The AI industry was quiet and dull. It rarely made ripples that disrupt anything outside its own realm.
But this abruptly changed after OpenAI released ChatGPT. Since then, tech companies, large and small, race to develop the best AI to serve various purposes and solve different use cases.
While most products come from the West, the East is apparently not far behind.
Alibaba is one of the most prominent tech companies from China, and here, its researchers from Alibaba Group's Intelligent Computing Research Institute have revealed what they call 'MIMO.'
Short for 'Mimic anyone anywhere in complex Motions with Object interactions,' it uses AI to transform a photo of a character into an animated version of it, through video synthesis.
The idea is to use AI to imagine what a character looks like in motion, through just a 2D photo of that character.
The goal is to be able to create complex movements of that intended character.
On MIMO's GitHub page, the researchers wrote that:
"As a fundamental problem in the computer vision and graphics community, 3D works typically require multi-view captures for per-case training, which severely limits their applicability of modeling arbitrary characters in a short time. Recent 2D methods break this limitation via pre-trained diffusion models, but they struggle for pose generality and scene interaction."
"To this end, we propose MIMO, a novel generalizable model which can not only synthesize character videos with controllable attributes (i.e., character, motion and scene) provided by simple user inputs, but also simultaneously achieve advanced scalability to arbitrary characters, generality to novel 3D motions, and applicability to interactive real-world scenes in a unified framework."
In the examples provided, MIMO can animate human, cartoon or personified ones from just a single image, and put that character to a targeted video.
For example, by supplying a basketball video and a cartoon character image, users can effortlessly swap the real player in the video with a paper-cut character, bringing it to life instantly.

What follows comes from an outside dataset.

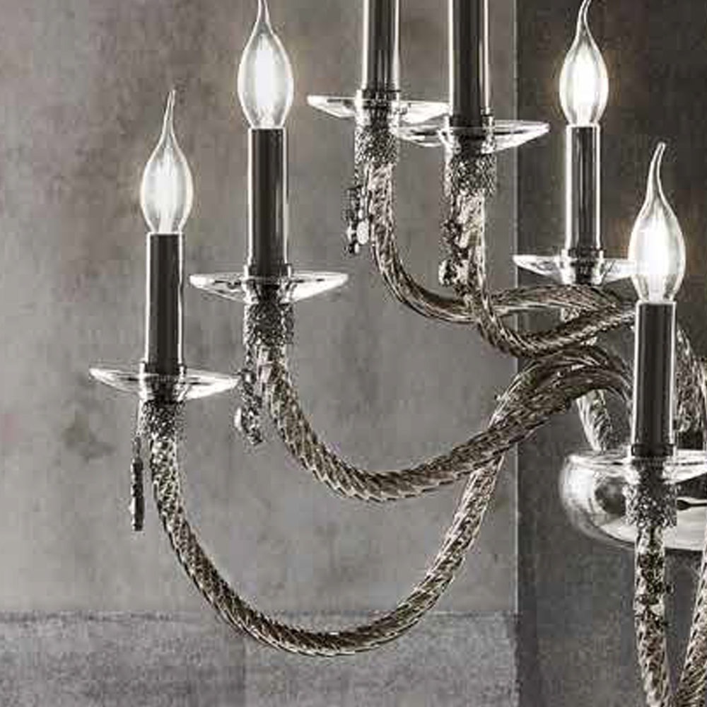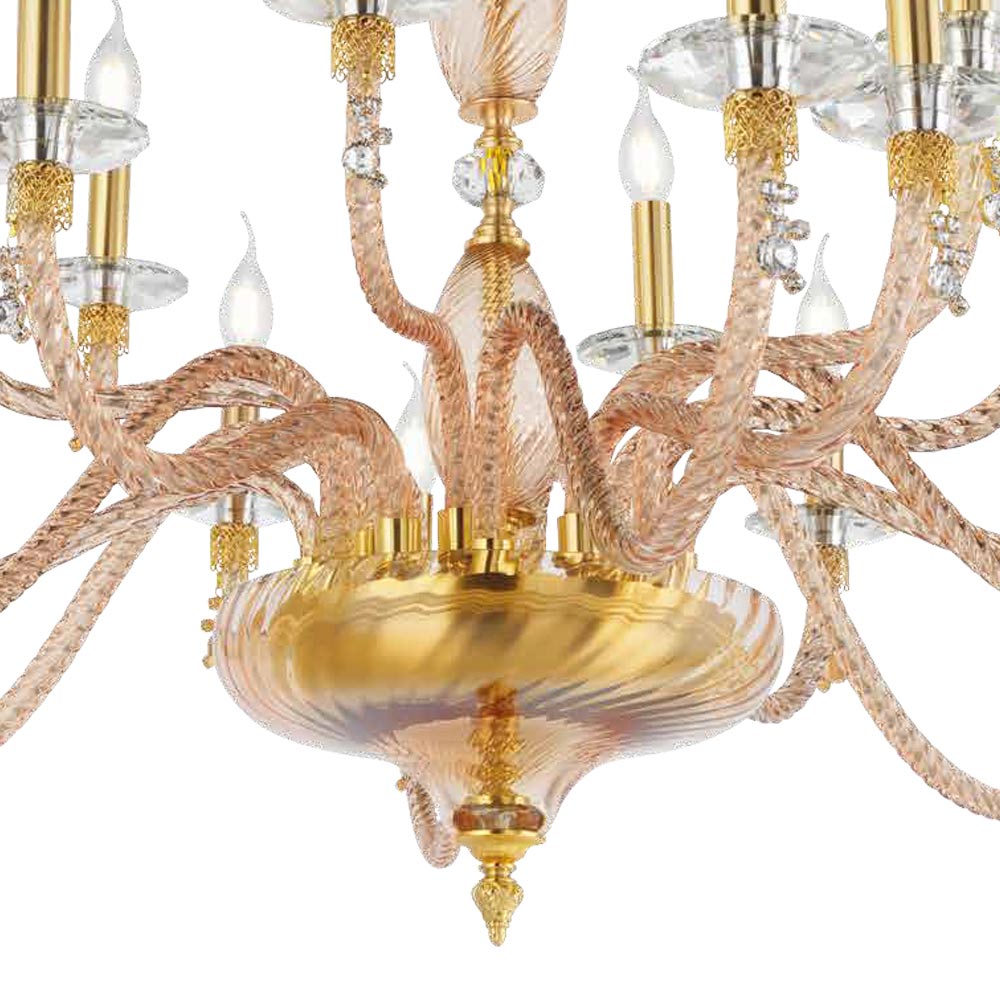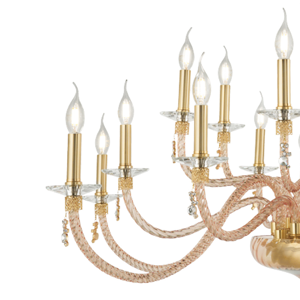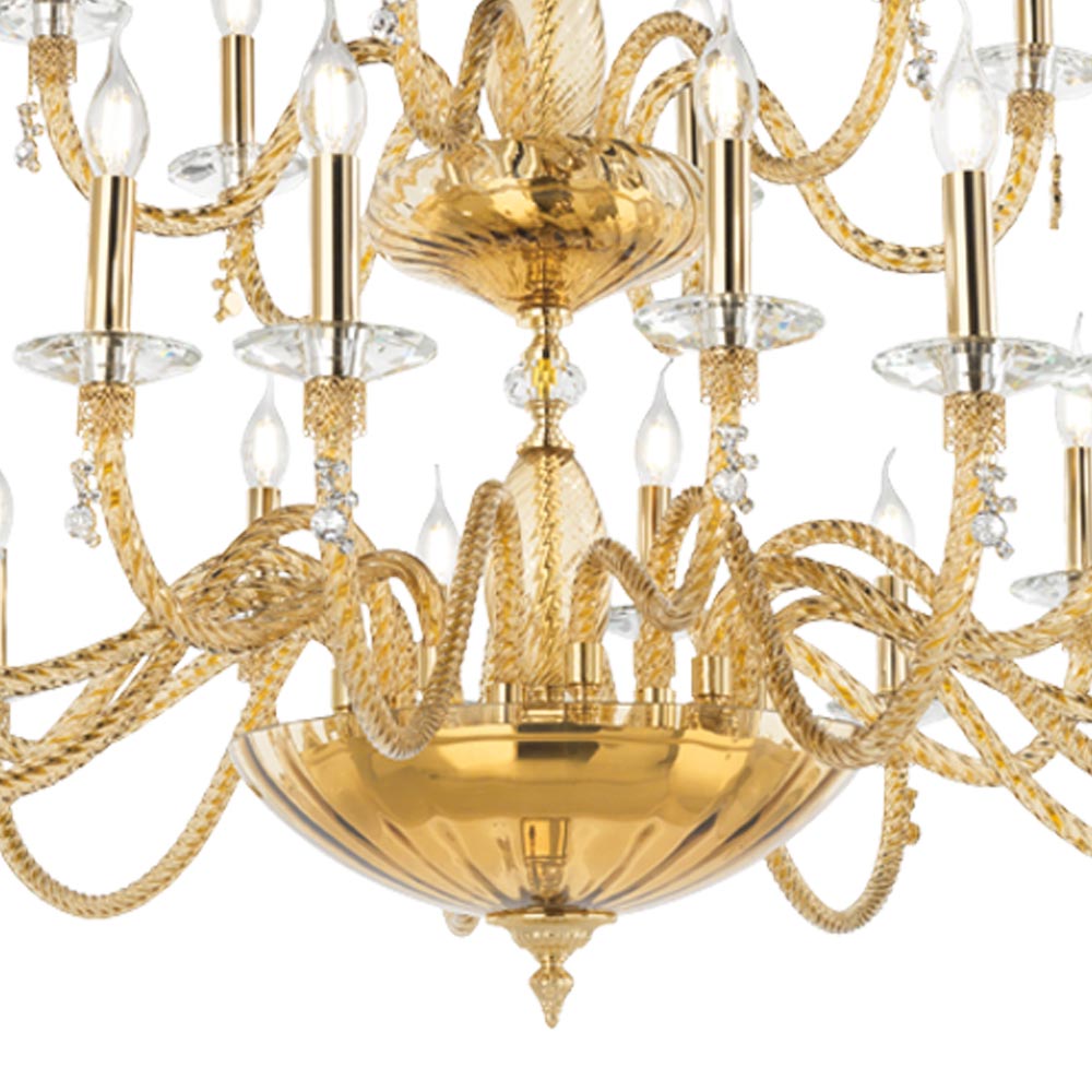 Kronleuchter mit 24 Lichtern aus mundgeblasenem Glas und Schmuckdetails, italienischer Luxus.

Even when replacing one character with another, even when it's a real person, a cartoon, or an anthropomorphic figure, MIMO ensures a seamless, natural transition without too much visible awkwardness.
To do what it does, MIMO is able to understand an image's 2D frame pixels in order to transform it into 3D using monocular depth estimators.
It can also decompose the target video clip into three spatial components (i.e., main human, underlying scene, and floating occlusion) in hierarchical layers based on the 3D depth.
"These components are further encoded to canonical identity code, structured motion code and full scene code, which are utilized as control signals of synthesis process," the page added.
MIMO's core advantage lies in its simplicity and efficiency.
Users only need to provide a reference image or video, and the system swiftly generates a controllable animated character. Unlike traditional 3D character creation, which often requires multi-angle shots or extensive training, MIMO smartly combines 2D video data with 3D spatial modeling, dramatically speeding up the character creation process.
Users can also mix and match different elements—whether it's a single character image, action sequences, or full scene videos—to produce diverse animation effects.
This flexibility simplifies the creative process, making animation production more accessible and enjoyable.
The potential applications for MIMO are vast, spanning virtual human animation, movie special effects, and game character design.
Not only does MIMO handle basic motion control, but it can also extract complex movements from real-world videos and apply them to virtual characters.
This allows for natural interactions between virtual characters and objects in real-world environments, managing occlusion, depth of field, and delivering highly realistic animation effects.
The launch of MIMO represents a major breakthrough in virtual character creation.
It not only streamlines the creative process but also greatly boosts efficiency, enabling more users to quickly turn their ideas into vivid animations.
As this technology becomes more widespread, it promises to revolutionize the animation, gaming, and film industries, fueling new advancements in the digital creative space.